Первородный грех экзистенциального философствования состоит в том, что оно отреклось от опыта обязательного и неразрушимого. Романтически представив бытие-в-мире как свою собственную возможность, оно перестало видеть в нем арену встречи, от которой нельзя отвернуться. Его отстранение от мира в ужасе и отчаянии превратилось в утонченный самообман с тех пор, как перестало грозить разрывом с Богом, но, наоборот, стало, скорее, доказательством преданности.
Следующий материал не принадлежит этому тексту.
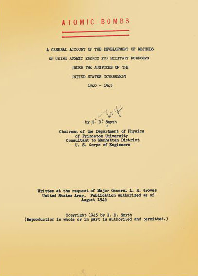 The Smyth report was known after its author Henry DeWolf Smyth because its official title, “A general account . . . ,” was too long and bureaucratic sounding. But the report was intended to be called “Atomic Bombs,” with the rest being a subtitle. Leslie Groves, director of the Manhattan Project, was so afraid the title would leak out, however, that he directed the title “Atomic Bombs” be applied with a rubber stamp just before distribution. But in the haste after the use of the bombs, the covers were almost never stamped. This rare edition has the stamp affixed. (Courtesy of the Library of Congress.) When the report was published in book form by Princeton University Press, the title was changed yet again, to Atomic Energy for Military Purposes.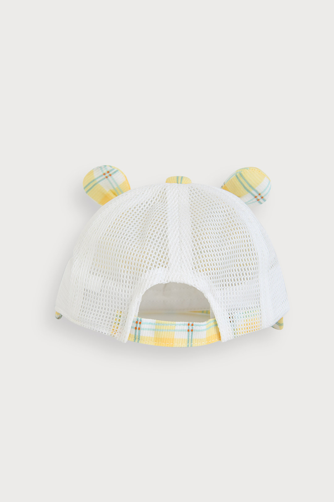 귀여운 곰 입체 귀와 체크 나염에 불박라벨로 포인트를 주었고,뒷판은 메쉬 소재를 사용해 통기성이 좋아 더운 여름 쓰기 좋은 캡모자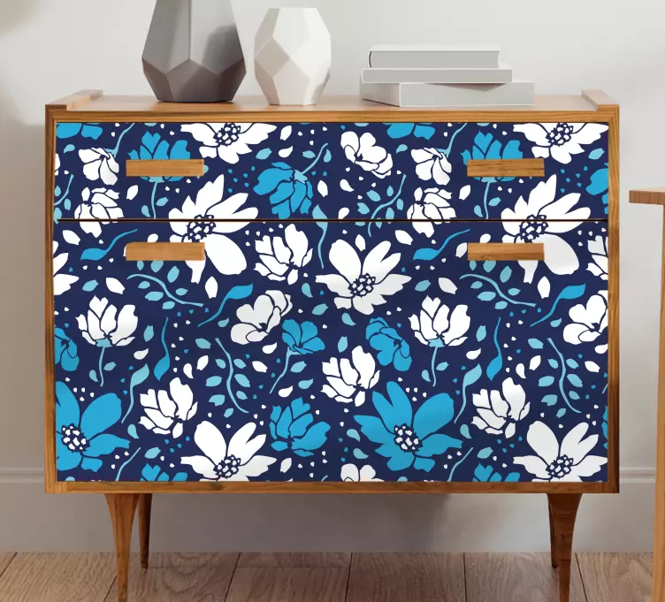 Scopri la nostra carta adesiva per mobili cassetti a motivi floreali, un prodotto che trasforma i tuoi spazi con il suo splendido design. Caratterizzata da vivaci margherite, fiori, un elegante modello floreale in tonalità di blu e bianco, arricchita da foglie che evocano la natura, questa carta adesiva è perfetta per chi desidera un arredamento fresco e originale!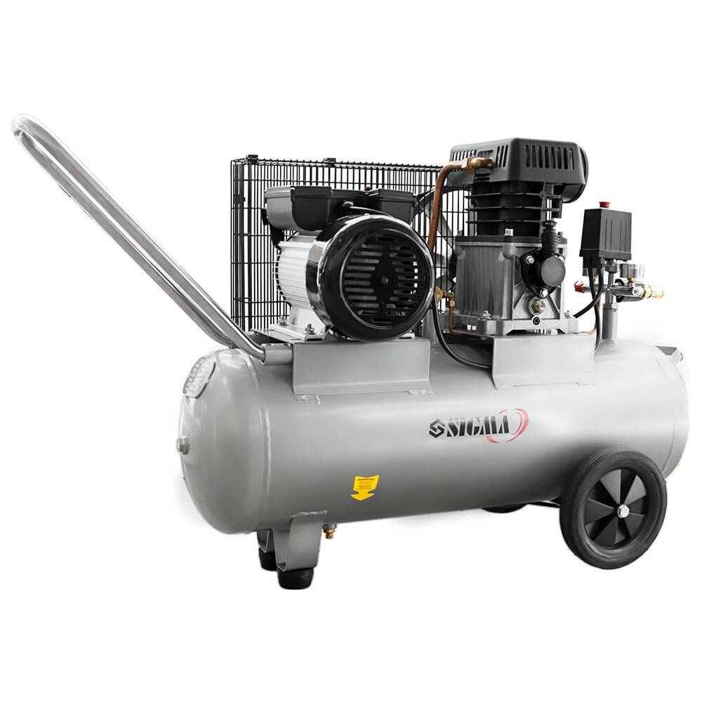 Компресор двоциліндровий пасовий (II) 2.5кВт 335 л/хв 10бар 50л (2 крана) SIGMA (7044121) призначений для нагнітання стисненого повітря з подальшою його подачею під тиском в різні типи пневмоінструменту і пневмообладнання. Ремінний привід компресора закритий металевим кожухом, який запобігає від попадання сторонніх предметів. Опорна ніжка забезпечує стійке положення на поверхні, а гумова подушечка знижує рівень вібрації.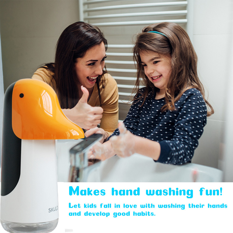 Without the need of directly touch, you can simply put your hand under the soap dispenser to get instant fully bubbles thanks to its built-in infrared motion and PIR sensor detection technology. It creates super rich bubbles and can reduce the use of liquid soap at least 50%. Designed with cute penguin,kids will love it!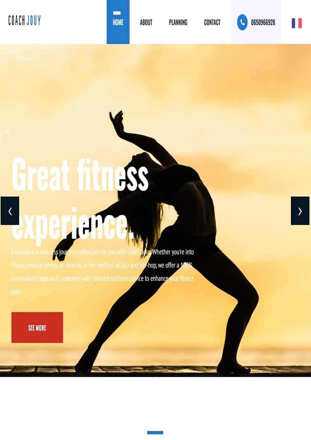 Website presentation for a gym trainer with her planing, a brief resume of her career and what activities she purposed.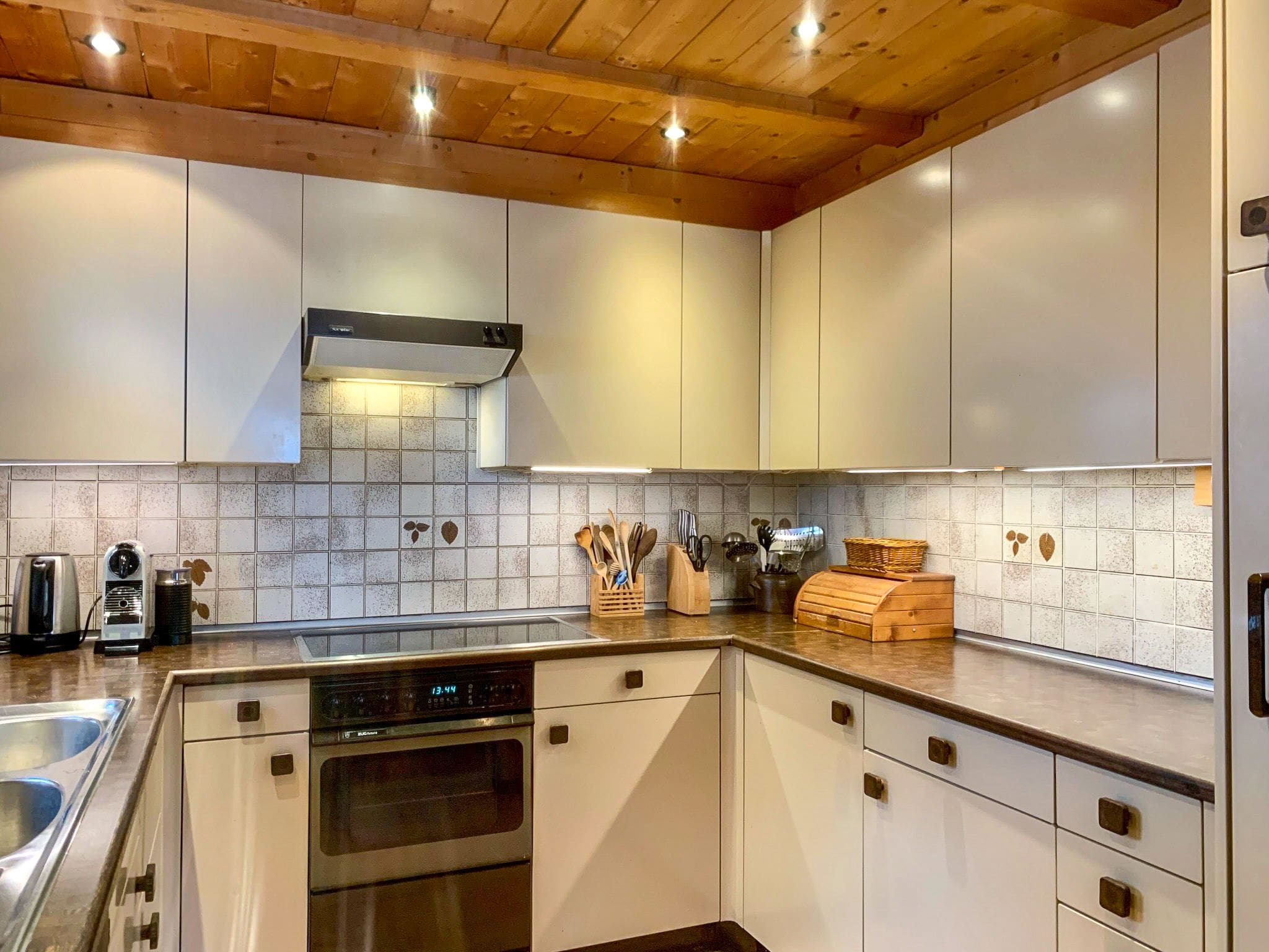 The chalet’s thoughtfully designed interior spans two levels, featuring a welcoming living and dining area anchored by an open-hearth fireplace that creates the perfect atmosphere for evening gatherings. The open-plan kitchen comes fully equipped with modern amenities including an oven, dishwasher, ceramic hob, and specialist alpine touches like a raclette grill and fondue set for authentic Swiss dining experiences. Four comfortable bedrooms accommodate up to eight guests, with flexible sleeping arrangements including double beds and bunk bed configurations ideal for families. Two well-appointed shower rooms complete the accommodation, while electric and wood heating ensure year-round comfort.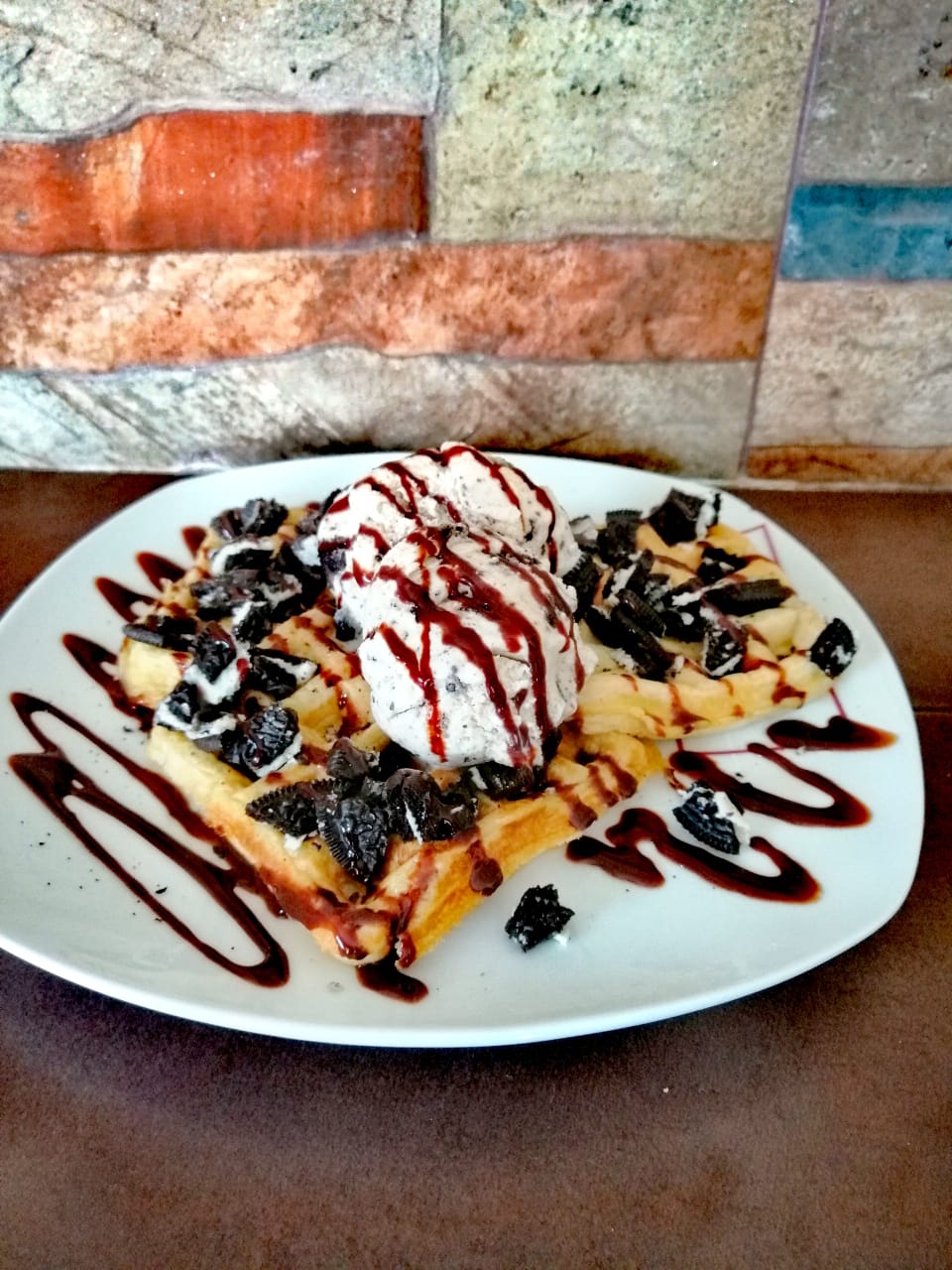 3 piezas. Waffles acompañados de trozos de galleta Oreo y 2 bolas de helado de Oreo. Bañado en chocolate Hershey's.

Экзистенциализм, извратив основные интуиции гуссерлианской феноменологии, внес в нее двусмысленность. Он готов настаивать на любом мнении как на абсолютном экзистенциальном требовании и от любого опыта отречься как от принадлежащего бытию-в-мире, сфере неподлинного. Он движется от заблуждения к заблуждению с половинной искренностью. И в этом он является прямым наследником Гегеля, видевшего Истину как кульминацию истории заблуждений, а не Гуссерля, шедшего от очевидности к очевидности.
Экзистенциально философствующие суть те лицемеры, которые знаки неба различают, а законов времени – нет.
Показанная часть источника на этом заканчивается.